> **Your objective**: Restate the listing word for word. Stop at the line that holds "Добавляет опцию в", include it, and leave out all pictures.
———
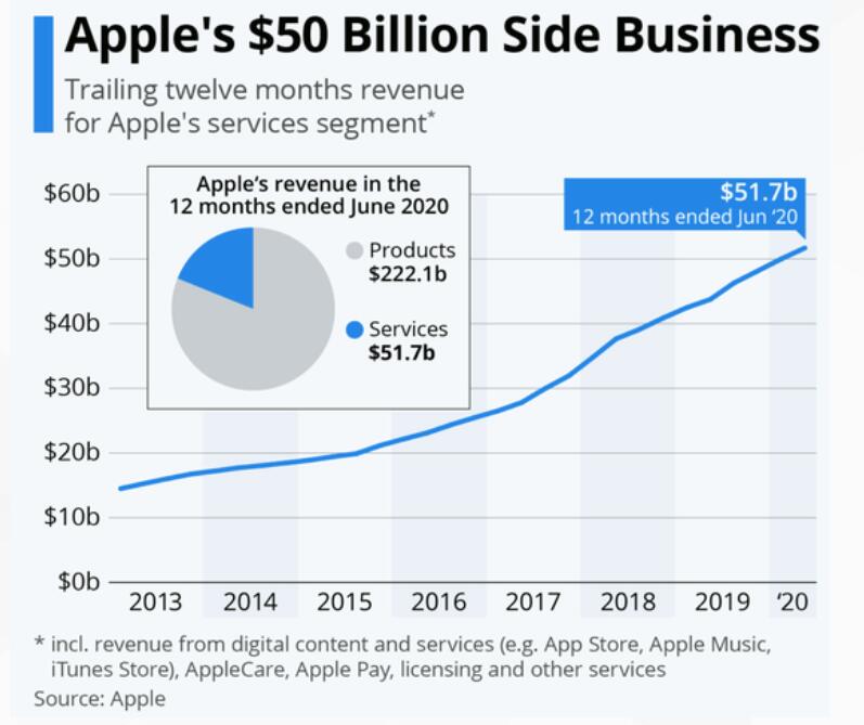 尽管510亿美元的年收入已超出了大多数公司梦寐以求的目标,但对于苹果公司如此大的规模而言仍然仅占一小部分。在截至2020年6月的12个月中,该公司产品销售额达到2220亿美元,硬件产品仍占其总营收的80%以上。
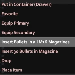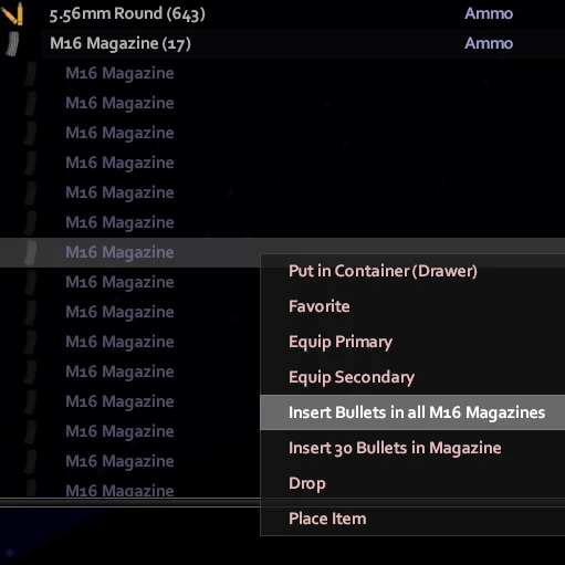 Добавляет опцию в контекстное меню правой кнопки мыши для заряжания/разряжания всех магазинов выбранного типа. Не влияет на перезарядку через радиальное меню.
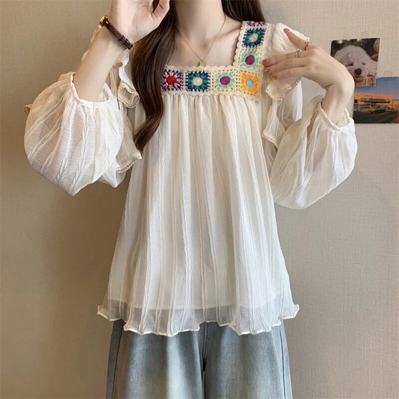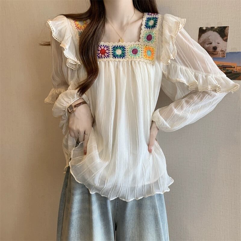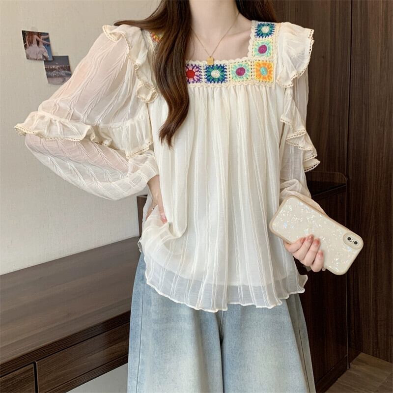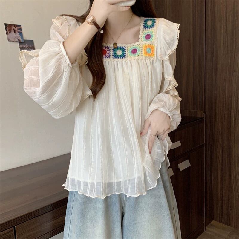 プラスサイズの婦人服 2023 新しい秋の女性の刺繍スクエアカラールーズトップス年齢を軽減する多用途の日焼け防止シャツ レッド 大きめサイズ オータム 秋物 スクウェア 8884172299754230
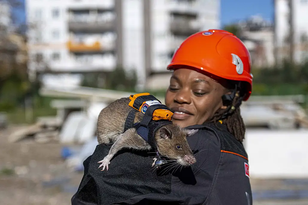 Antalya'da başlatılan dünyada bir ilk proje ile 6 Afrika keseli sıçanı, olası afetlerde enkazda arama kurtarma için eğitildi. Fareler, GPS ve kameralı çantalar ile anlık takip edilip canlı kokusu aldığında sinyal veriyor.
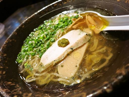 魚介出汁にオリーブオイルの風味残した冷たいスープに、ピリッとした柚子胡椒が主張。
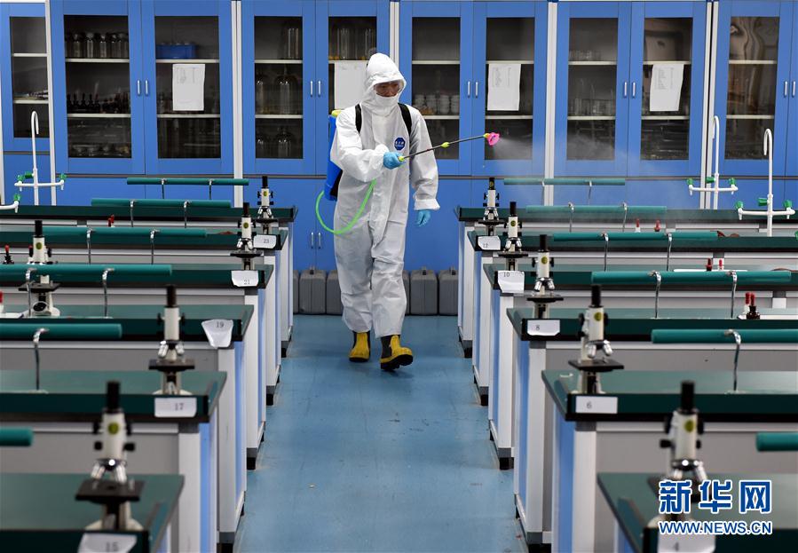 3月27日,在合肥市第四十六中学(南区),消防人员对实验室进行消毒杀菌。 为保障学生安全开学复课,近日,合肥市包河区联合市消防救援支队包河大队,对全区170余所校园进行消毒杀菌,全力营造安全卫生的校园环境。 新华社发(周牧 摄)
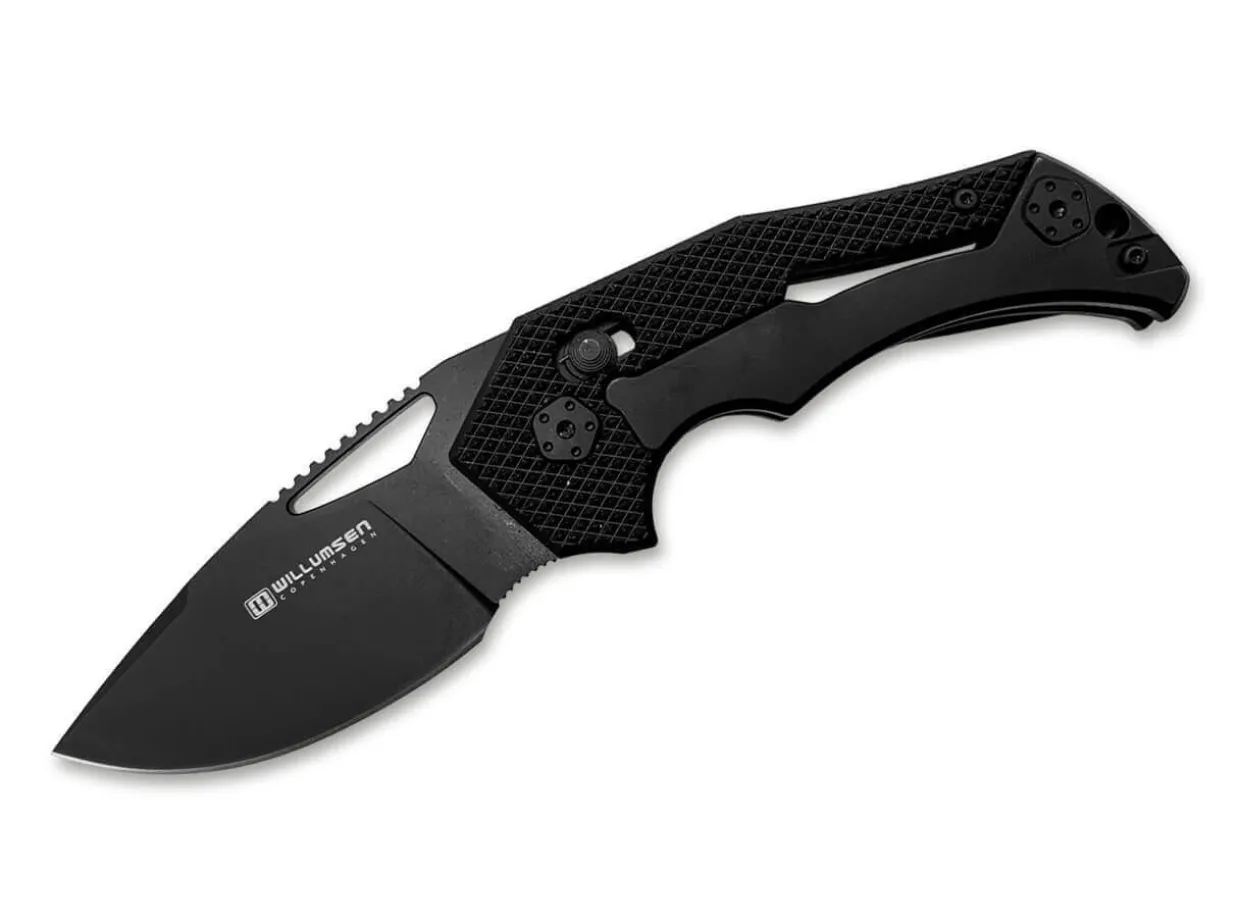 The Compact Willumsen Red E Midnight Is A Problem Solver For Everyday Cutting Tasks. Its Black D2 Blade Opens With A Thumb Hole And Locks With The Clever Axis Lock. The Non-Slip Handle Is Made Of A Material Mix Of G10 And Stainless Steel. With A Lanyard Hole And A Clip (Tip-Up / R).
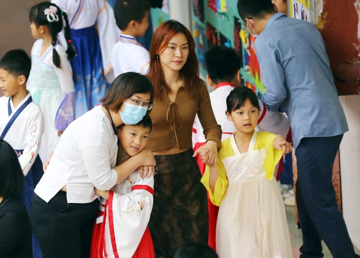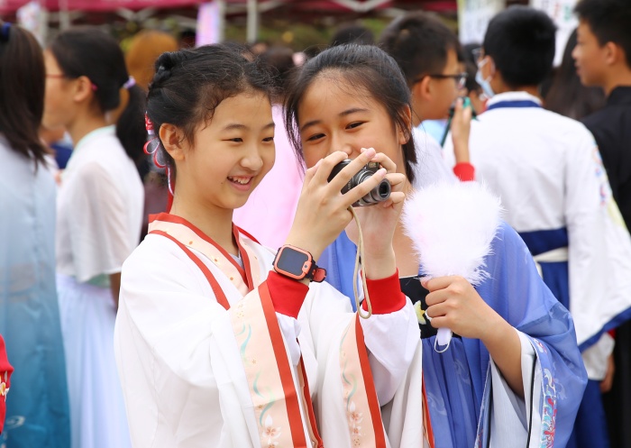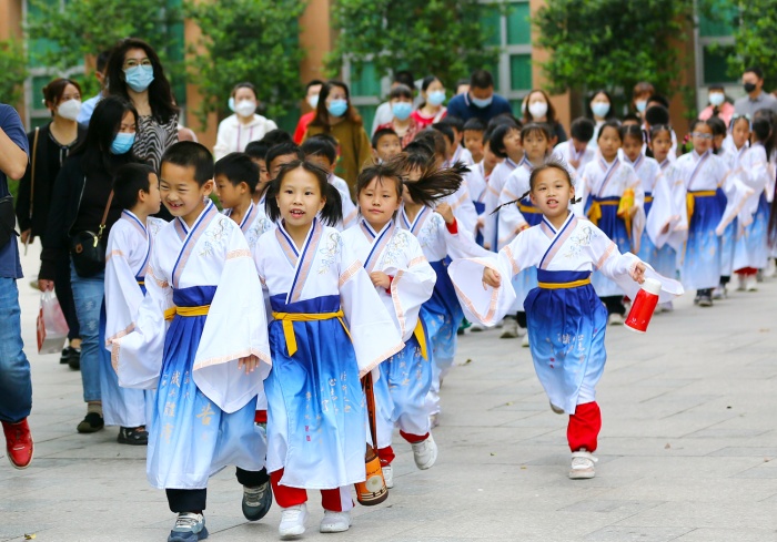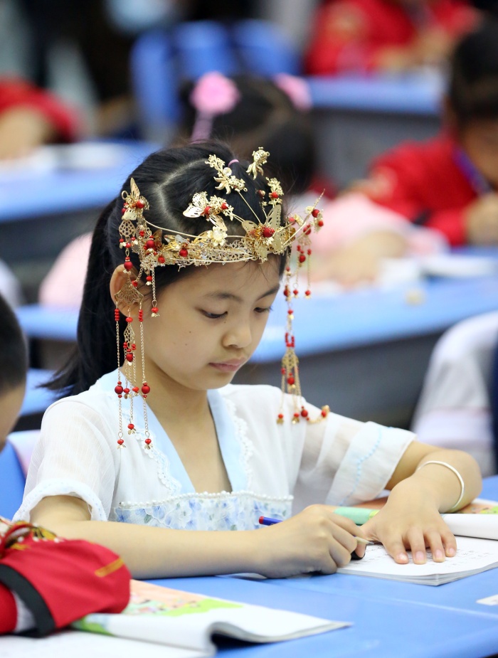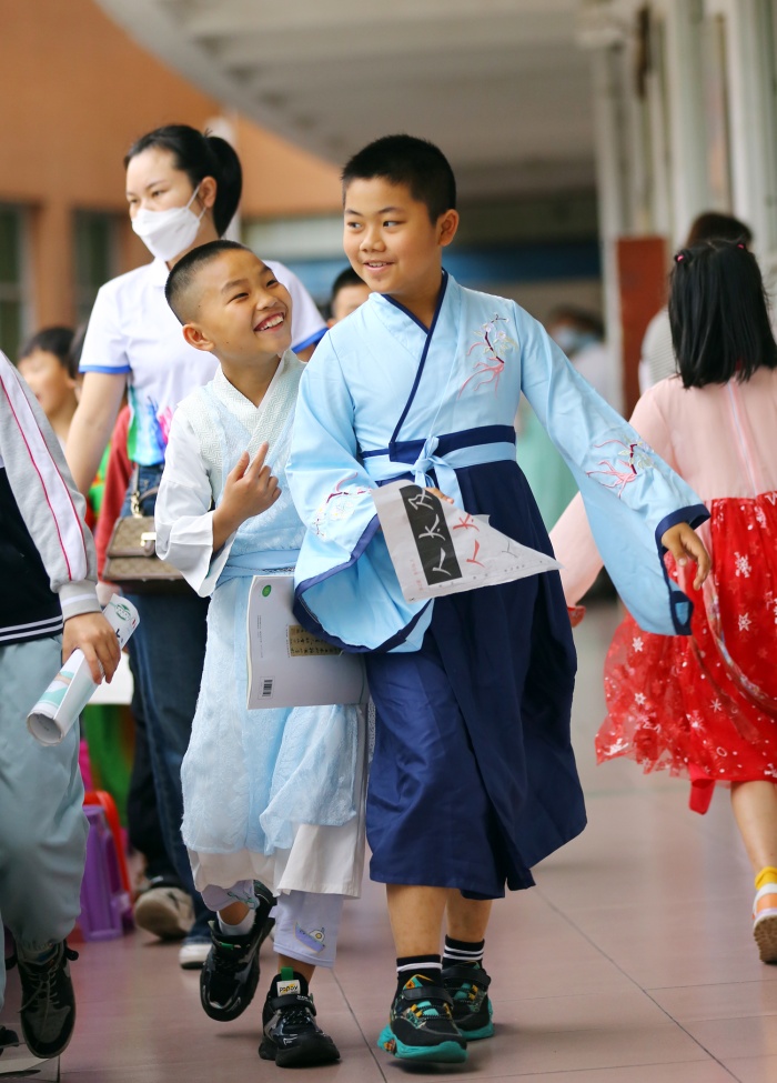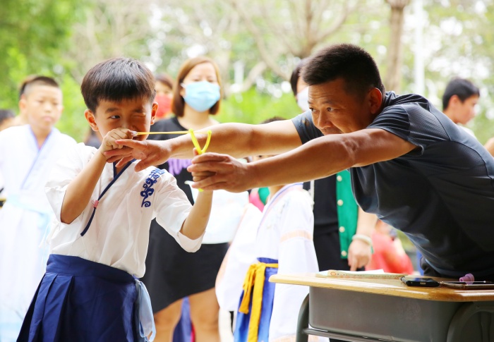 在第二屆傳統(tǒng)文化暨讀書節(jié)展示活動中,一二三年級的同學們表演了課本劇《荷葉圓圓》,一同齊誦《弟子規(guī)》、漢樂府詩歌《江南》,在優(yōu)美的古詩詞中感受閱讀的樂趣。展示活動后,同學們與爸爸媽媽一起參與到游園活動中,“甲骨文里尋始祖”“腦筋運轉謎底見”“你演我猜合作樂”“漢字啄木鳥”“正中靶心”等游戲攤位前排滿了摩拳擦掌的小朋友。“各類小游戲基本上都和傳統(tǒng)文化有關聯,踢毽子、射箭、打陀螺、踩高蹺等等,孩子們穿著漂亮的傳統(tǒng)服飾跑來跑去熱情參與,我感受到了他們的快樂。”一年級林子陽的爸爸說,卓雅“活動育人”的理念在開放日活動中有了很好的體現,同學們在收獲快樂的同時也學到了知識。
———
> **Written answer**:
 尽管510亿美元的年收入已超出了大多数公司梦寐以求的目标,但对于苹果公司如此大的规模而言仍然仅占一小部分。在截至2020年6月的12个月中,该公司产品销售额达到2220亿美元,硬件产品仍占其总营收的80%以上。
 Добавляет опцию в контекстное меню правой кнопки мыши для заряжания/разряжания всех магазинов выбранного типа. Не влияет на перезарядку через радиальное меню.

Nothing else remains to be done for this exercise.